I didn't do science in high school so I felt already like I was kind of a step behind but with ‘Transition to Uni’ I got the basis knowledge that I needed to know so when I came into anatomy and physiology I was caught up and I knew what everyone was talking about. It was really good to know that I wouldn't be put behind and that I was up there and knew everything that everyone else knew. It was so exciting I was so happy like I finally finished.
It was like a little mini graduation, I was so excited and I was ready to start nursing because I was finally able to do what I wanted to do at start. So it was kind of a bit of relief. Obviously, I was disappointed when I opened my ATAR but considering the marks that I got I kind of focused on that rather than the ATAR because it goes away after a while anyway, and there's always like a pathway that you can choose to get through to where you want to go.
Transition to Uni is a free six-week course that runs online in January, preparing students for university study, so they are ready for the main degree intake in March across Southern Cross University campuses at Lismore, Coffs Harbour and Gold Coast.
Ella says Transition to Uni has not only allowed her to get where she wanted to be, it also meant she could meet other like-minded students at uni before starting the first day of her Bachelor degree.
One such student was her classmate Ebony Campbell, who also enrolled in the Bachelor of Nursing.
“While we were studying Transition to Uni we got to know each other through our online classes and group assignments. When we realised there were a few of us who had all elected to study nursing, we made a group chat to keep in contact and meet up on our first day on campus,” friend Ebony Campbell, 18, said.
“It was so good to have someone there we already knew. It was way less nerve-wracking on the first day.”
For Ebony, senior high school also didn’t go quite to plan. In Year 11 she was working towards an ATAR, but then an unexpected move to NSW meant some of her subjects didn’t match up at her new school and ended up graduating year 12 without an ATAR.

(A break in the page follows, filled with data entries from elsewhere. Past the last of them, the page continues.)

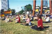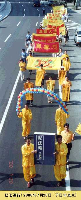 2000年7月20日是中国政府开始大规模镇压法轮功一周年,来自日本东京、千叶、琦玉、横浜等关东地区及大阪、广岛、仙台等地的近百名法轮大法学员,聚集在东京塔附近的芝公园,展示了法轮大法的五套功法,向世人说明法轮功真相。
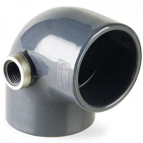 Коліно 63х90 с врізкою 1/2 РВ в бік
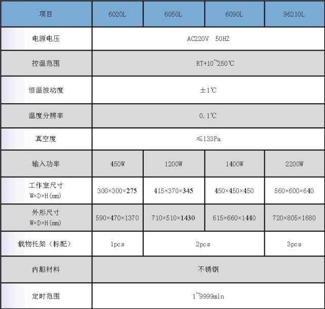 1:加热元件位于箱体内部隔板上与传统真空干燥箱相比加热时间缩短50%(除6050、6050B、6051外)。
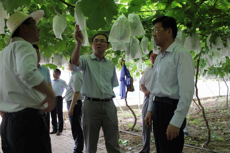 ,六安市长毕小彬率寿县县长程俊华一行到正阳关农场检查指导午收夏种和秸秆禁烧工作,并对农场高效农业发展作了调研,副场长程希文等陪同。
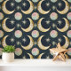 Transform your space into a celestial dreamscape with this enchanting moon and stars wallpaper. Golden crescent moons, accented with delicate floral details, shimmer against a deep blue starry sky, creating a captivating and magical atmosphere. This peel and stick wallpaper is easy to apply and remove, making it perfect for adding a touch of whimsical charm to any room.
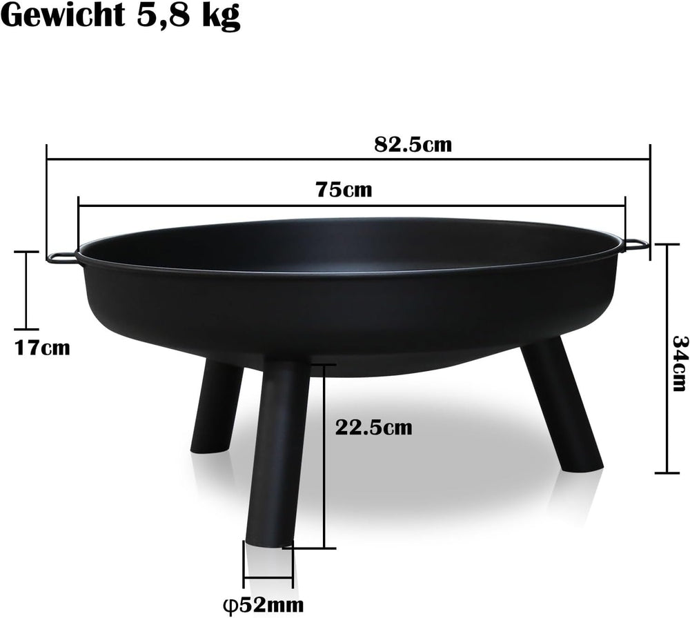 - 【Abmessungen】Der Durchmesser der Feuerstelle beträgt 75 cm, einschliesslich 82,5 cm hinter dem Griff; die Höhe der Feuerstelle beträgt 170 mm, die Höhe der Beine beträgt 340 mm, und die Gesamthöhe der Beine beträgt 340 mm; der Durchmesser

“In grade 11 I figured out I wanted to do nursing because I really enjoy helping people and it’s a good career choice and also enables you travel and to branch into other careers,” she said.
“Year 12 was a bit of a crappy year. It was a rollercoaster, but thankfully after I applied for STAR Early Offer at Southern Cross Uni, and ended up getting an offer to study Transition to Uni.
“It was a very beneficial pathway and it allowed me to get into Uni without having an ATAR.
“Transition to Uni was really good to be honest. The tutors are lovely and helped out a lot.
“It’s a pathway to university I definitely recommend to other students who didn’t get the ATAR they needed, or perhaps who didn’t get an ATAR at all.
“I tell year 12 students: Don’t give up, there are pathways to university.”
Transition to Uni is delivered through Southern Cross University’s award-winning SCU College, which gives students access to additional personalised support.
Course Coordinator Dr Liz Goode said Transition to Uni provides students who did not receive the ATAR they were hoping for an opportunity to start university with their peers.
Students who are concerned about not achieving the required Year 12 results can apply for Transition to Uni, which, when successfully completed, will guarantee a place in any degree or Diploma at Southern Cross.*
*Note: Midwifery requires an additional interview process; students who want to apply for Engineering need to achieve a Distinction or higher in UNIP1007 Scientific and Quantitative Concepts for University Study.